_Exercise requirements:_ Copy each line below exactly and leave the pictures out.

_Provided data:_
=== Section Start ===

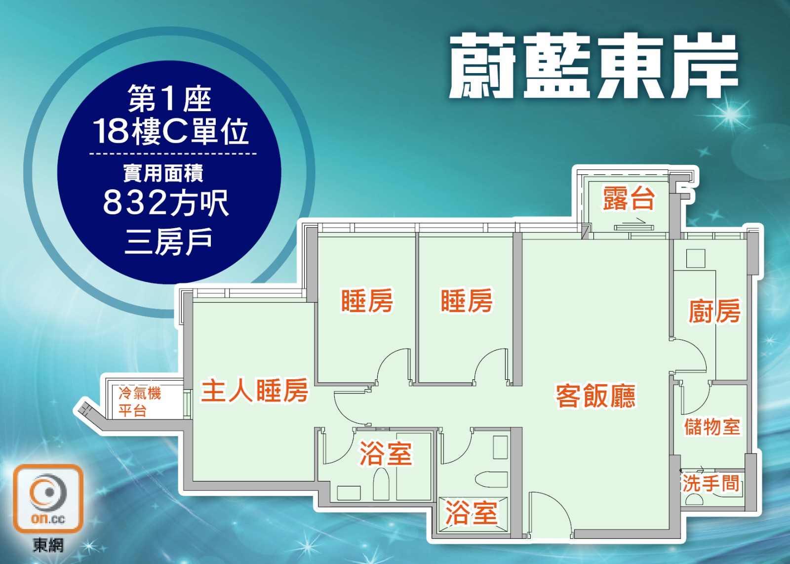 蔚藍東岸第1座18樓C單位,實用面積832方呎。
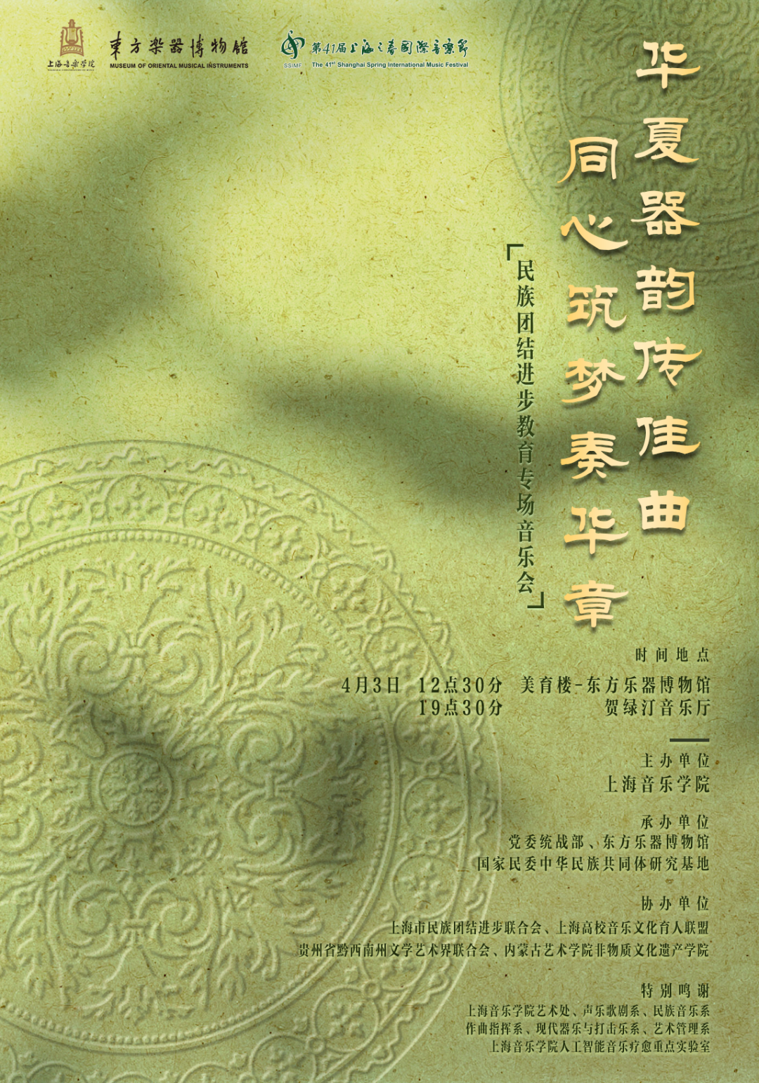 3月26日开幕式,廖昌永领衔上音师生,张国勇执棒上音交响乐团、上音合唱团及沪上多家专业院团,献演《红旗颂》、新时代版《长征组歌》《灯火里的中国》等红色经典;4月3日“民族团结进步教育专场音乐会”以多元音乐语言传递团结理念。
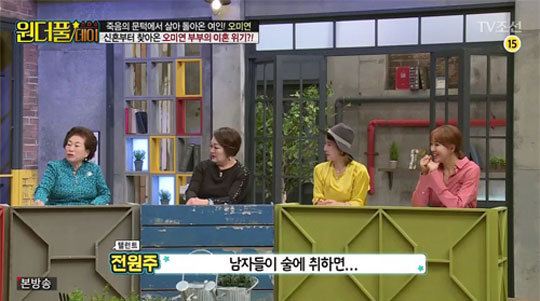 22일 밤 방송된 종합편성채널 TV조선 ‘스타쇼 원더풀데이’(이하 원더풀데이)에서 전원주는 “남자들이 술에 취하면 제정신이 아닌 건 확실한 듯”이라며 입을 열었다.

=== Section End ===

_Answer space:_
 蔚藍東岸第1座18樓C單位,實用面積832方呎。
 3月26日开幕式,廖昌永领衔上音师生,张国勇执棒上音交响乐团、上音合唱团及沪上多家专业院团,献演《红旗颂》、新时代版《长征组歌》《灯火里的中国》等红色经典;4月3日“民族团结进步教育专场音乐会”以多元音乐语言传递团结理念。
 22일 밤 방송된 종합편성채널 TV조선 ‘스타쇼 원더풀데이’(이하 원더풀데이)에서 전원주는 “남자들이 술에 취하면 제정신이 아닌 건 확실한 듯”이라며 입을 열었다.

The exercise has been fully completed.